After being missing for more than a month, the search for aviator Steve Fossett continues. Earlier searches were conducted by plane, that yield numerous unknown crashed planes, but not Fossett. Now, the ground search will consist of teams on ATV vehicles, horseback, and foot.
The ground search, now in its second day, focused on a patch of rugged terrain identified by U.S. Air Force radar analysis as an area where Fossett's aircraft was likely to have gone down, said Gary Derks, a state Department of Public Safety official overseeing the operation.
Speaking to Reuters by telephone from the command center in Nevada's capital, Carson City, Derks said the teams were expected to finish covering the search area of roughly 50 to 60 square miles by nightfall.
Sunday's effort consisted of about 35 searchers on foot, horseback and ATVs, joined by two Nevada Civil Air Patrol planes, Derks said.
A 10 1/2-hour search on Saturday by 50 people on the ground and three Civil Air Patrol aircraft turned up nothing, he said.
Daily aerial searches by the Civil Air Patrol and National Guard were called off after 17 days on September 19, but authorities insisted they had not given up hope and would renew efforts to explore possible crash sites when warranted.
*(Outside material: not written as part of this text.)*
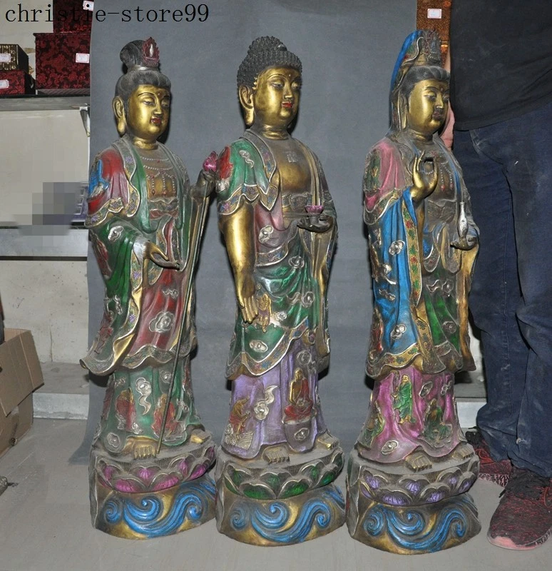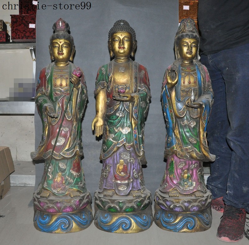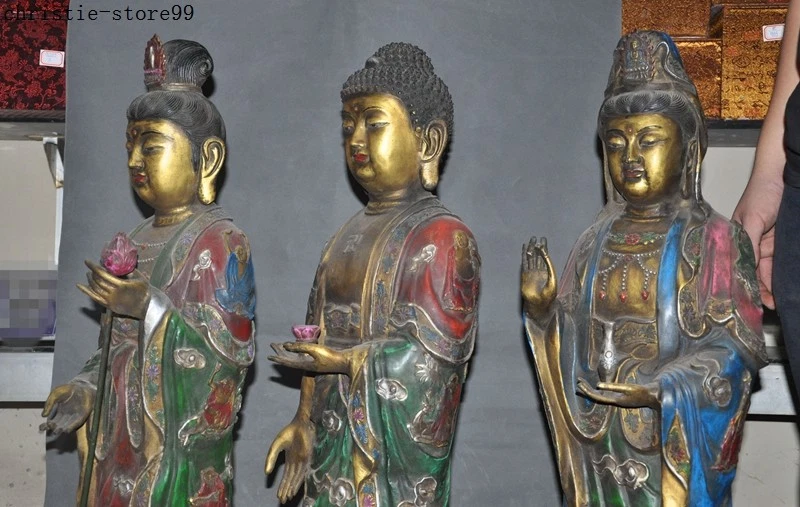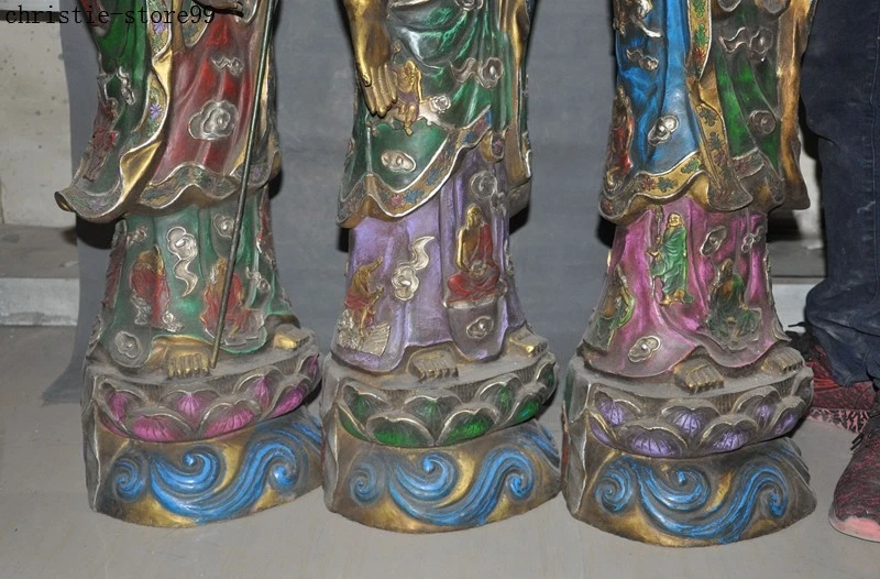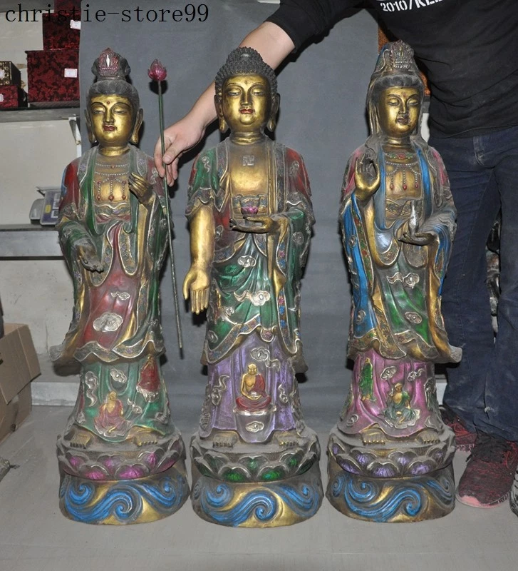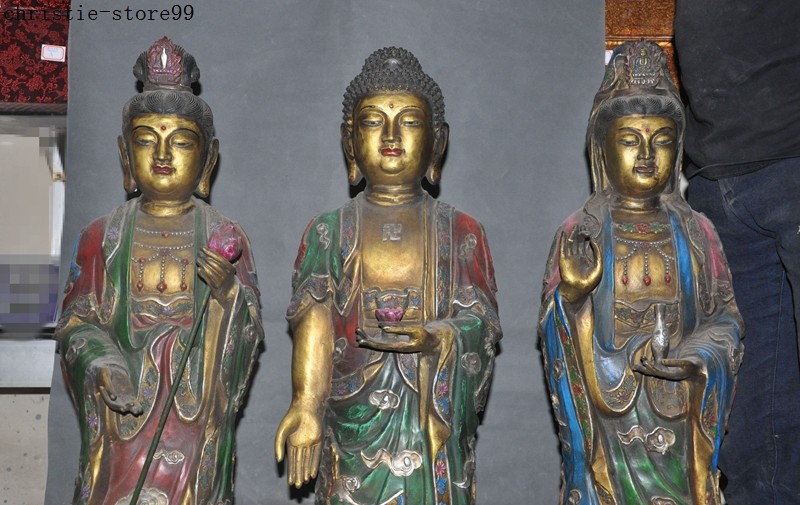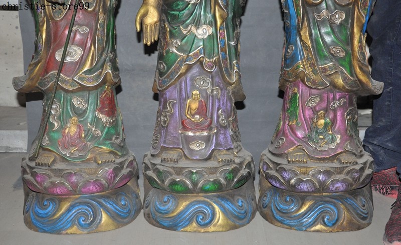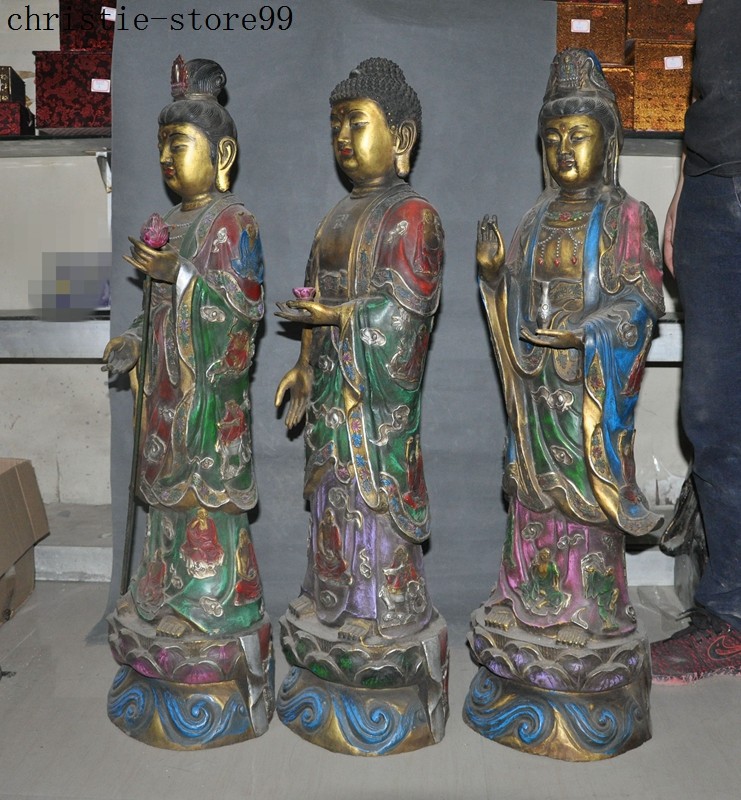 Size: Height: 38 inch .Long: 11.2 inch . breadth: 9.2 inch Size: Height: 95 cm .Long: 28 cm . breadth 23 cm Weight: 82.8 KG----included the weight of packing materials Materials: Bronze Gilt Painted Condition: Good condition Origin: China

The weekend search concentrated in an area of rugged canyons and dense brush southeast of the ranch
in western Nevada where Fossett took off in a single-engine plane, reportedly to scout locations for a planned attempt to set a land-speed record.The search region was pinpointed by a new Air Force analysis of radar images from September 3 showing a flight "trailing" that they believe was left by Fossett's plane, Derks said.